(Sen) - Inventive techniques using observations with some of the world's biggest telescopes have allowed astronomers to discover five new planets orbiting one of the closest stars to the Earth.
Tau Ceti, which lies only 12 light-years away and can easily be spotted on a clear night, is a star similar to the Sun and also single. One of the new worlds around it is in its habitable zone, so named because water could exist on it in liquid form.
The new planets all have sizes, or masses, between two and six times that of the Earth, making the new solar system one of the least massive yet found. But that is not altogether surprising because smaller worlds are bound to be easier to detect when they are closer to us.
The discoveries, which come just two months after the announcement of an Earth-sized planet in the nearest star system to us, Alpha Centauri, were made by an international team from the UK, Chile, the USA and Australia.
They examined the starlight from Tau Ceti using spectrographs on three telescopes - HARPS on the 3.6m telescope at the European Southern Observatory in La Silla, Chile, UCLES on the Anglo-Australian Telescope in Siding Spring, Australia, and HIRES on the 10m Keck telescope on Mauna Kea, Hawaii (567 data points).
After making more than 6,000 measurements, the team using computer modelling techniques and managed to improve the sensitivity of their observations so that smaller planets than normal revealed themselves in the data.
The team's leader, Mikko Tuomi from the University of Hertfordshire in the UK, explained: “We pioneered new data modelling techniques by adding artificial signals to the data and testing our recovery of the signals with a variety of different approaches. This significantly improved our noise modelling techniques and increased our ability to find low mass planets."
Hugh Jones, also from the University of Hertfordshire, said: "We chose Tau Ceti for this noise modelling study because we had thought it contained no signals. And as it is so bright and similar to our Sun it is an ideal benchmark system to test out our methods for the detection of small planets."

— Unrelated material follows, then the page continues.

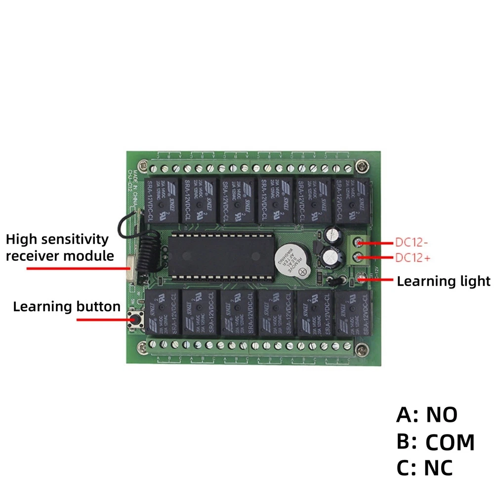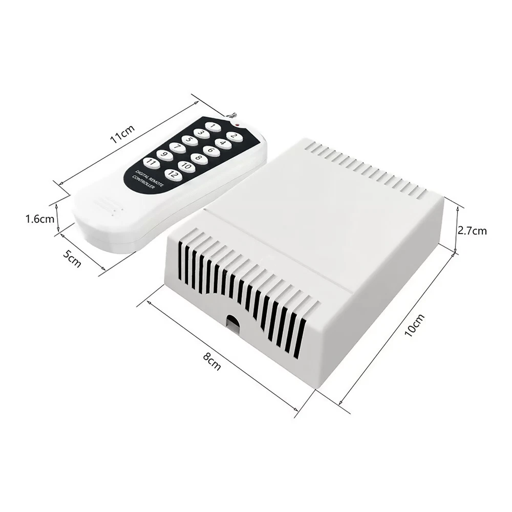 Product Description 12V 12CH RF Wireless Remote Control Switch System Transmitter&Receiver RF 315MHz Features: This Remote Control Switch Adopts A 12v 10A Relay, Which Controls High Power And Makes The Control Performance More Stable Learning Button Design Allows For Multiple Remote Controls And Switches To Be Paired With Any Switch, Using Imported Chips And High-Quality Double-Sided Pcb Circuit Boards, The Product Is More Durable And Compatible With Better Quality. The Wireless Signal Program Learning Function Makes The Product Highly Anti-Interference, And Similar Products Will Not Have Any Interference Or Garbled Characters. Specifications: Radio Frequency: 315mhz Operating Voltage: 12V DC Decode: Learning Code Operating Type: Jogging, Interlock, And Self-Locking Size: 100mm X 80mm X 27mm Remote Control Battery: 1* 23A 12V Battery(Battery Included) Transmitting Distance: 200-500m Matching Methods: Press The Learning Button On The Receiver For About 2 Seconds, Then The Light Will Turn On And Release To Enter The Learning Mode; Press A Key On The Remote Control To Learn According To Your Desired Function. If The Receiver Receives A Signal And The Indicator Light Flashes About 4 Times, It Indicates Successful Learning. Clearing Method: Press And Hold The Learning Button On The Receiver For About 8 Seconds Until The Indicator Light Flashes Twice And Then Goes Out, Indicating Successful Clearing. Working Modes: Jogging, Interlock, And Self-Locking Can Be Switched At Will. Interlock: Press Each Key On The Remote Control With Your Hand To Turn On The Corresponding Relay, And Then Press Another Remote Control Key; The Corresponding Relay Is Connected, The Other Is Disconnected, And Only One Relay Can Be Connected At A Time. Jogging: Press And Hold Each Key On The Remote Control To Activate The Corresponding Relay, Then Release The Remote Control Button; The Corresponding Relay Is Disconnected, And Only One Relay Can Be Connected At A Time. Self Locking: The Same Key Controls One Channel, Press It Once To Turn On, Press It Again To Turn Off, And Two Channels Are Independently Controlled, Package Including: 1* Receiver 1* Transmitter Payment Shipping Returns Contact Us We accept all verified payments from ebay. Orders will be shipped after receiving cleared payment. Payment due within 7 days after auction ends and for buy it now listings. We ship most of our orders within 24 hours, and may up to 48 hours. If you want faster shipping way. Please contact us before making payment. Sometimes due to problems with our transportation company system, your shipping information may be delayed to update. We recommend that you try again after 3-4 days. If you still haven't checked the shipping information, you can contact us by ebay message. Always believe we can figure things out with communication, if it comes to return, the pacakge must be intact and the same as you receive. If you have any questions, please feel free to email our service specialists 24 Hours a Day, 7 Days a Week. We will reply you ASAP. Return/refund is accepted within 30 days after the buyer receives the item. NO exchange will be accepted after 30 days from the date when the item is received. Please contact us first before returning your product!!! If you have any questions, our Customer Service staffs welcome you to email us. We strive to answer all questions and resolve any problems as quickly as possible. You can contact us 7*24, we will reply at the first time, and we will surely solve your problems. Note: 1.We try our best to reply to your emails as soon as possible, however, due to high volume of daily incoming emails and time zone difference, we may not be able to reply your emails immediately. Please allow 1 business days for us to response. If you do not receive any reply from us, please check your email ensuring your mailbox has not reached full size. 2.Due to some ISP SPAM filter settings, you may not be able to receive our replies; if you have problems receiving our emails, you may need to use a different email account to contact us. 3.Please give us the opportunity to resolve any problem. We understand the concerns and frustrations you might have, and will try our best to resolve the issues. Please email us before leaving any negative feedback or open any dispute on PayPal. 4.We care about our valued customers, and will always try to help you. So if you have any problems, please e-mail us immediately. Payment We accept all verified payments from ebay. Orders will be shipped after receiving cleared payment. Payment due within 7 days after auction ends and for buy it now listings. Shipping We ship most of our orders within 24 hours, and may up to 48 hours. If you want faster shipping way. Please contact us before making payment. Sometimes due to problems with our transportation company system, your shipping information may be delayed to update. We recommend that you try again after 3-4 days. If you still haven't checked the shipping information, you can contact us by ebay message. Returns Always believe we can figure things out with communication, if it comes to return, the pacakge must be intact and the same as you receive. If you have any questions, please feel free to email our service specialists 24 Hours a Day, 7 Days a Week. We will reply you ASAP. Return/refund is accepted within 30 days after the buyer receives the item. NO exchange will be accepted after 30 days from the date when the item is received. Please contact us first before returning your product!!! Contact Us If you have any questions, our Customer Service staffs welcome you to email us. We strive to answer all questions and resolve any problems as quickly as possible. You can contact us 7*24, we will reply at the first time, and we will surely solve your problems. Note: 1.We try our best to reply to your emails as soon as possible, however, due to high volume of daily incoming emails and time zone difference, we may not be able to reply your emails immed

Where to spot Tau Ceti in the night sky. Credit: University of Hertfordshire
The new worlds add to a harvest of more than 800 exoplanets that have been discovered around other stars since 1995. Most of those found have been "hot Jupiters" - gas giants zipping round close to their host stars in just days.
Team member Steve Vogt, from University of California Santa Cruz, said "This discovery is in keeping with our emerging view that virtually every star has planets, and that the galaxy must have many such potentially habitable Earth-sized planets. They are everywhere, even right next door!
"We are now beginning to understand that Nature seems to overwhelmingly prefer systems that have a multiple planets with orbits of less than one hundred days.
"This is quite unlike our own Solar System where there is nothing with an orbit inside that of Mercury. So our Solar System is, in some sense, a bit of a freak and not the most typical kind of system that Nature cooks up."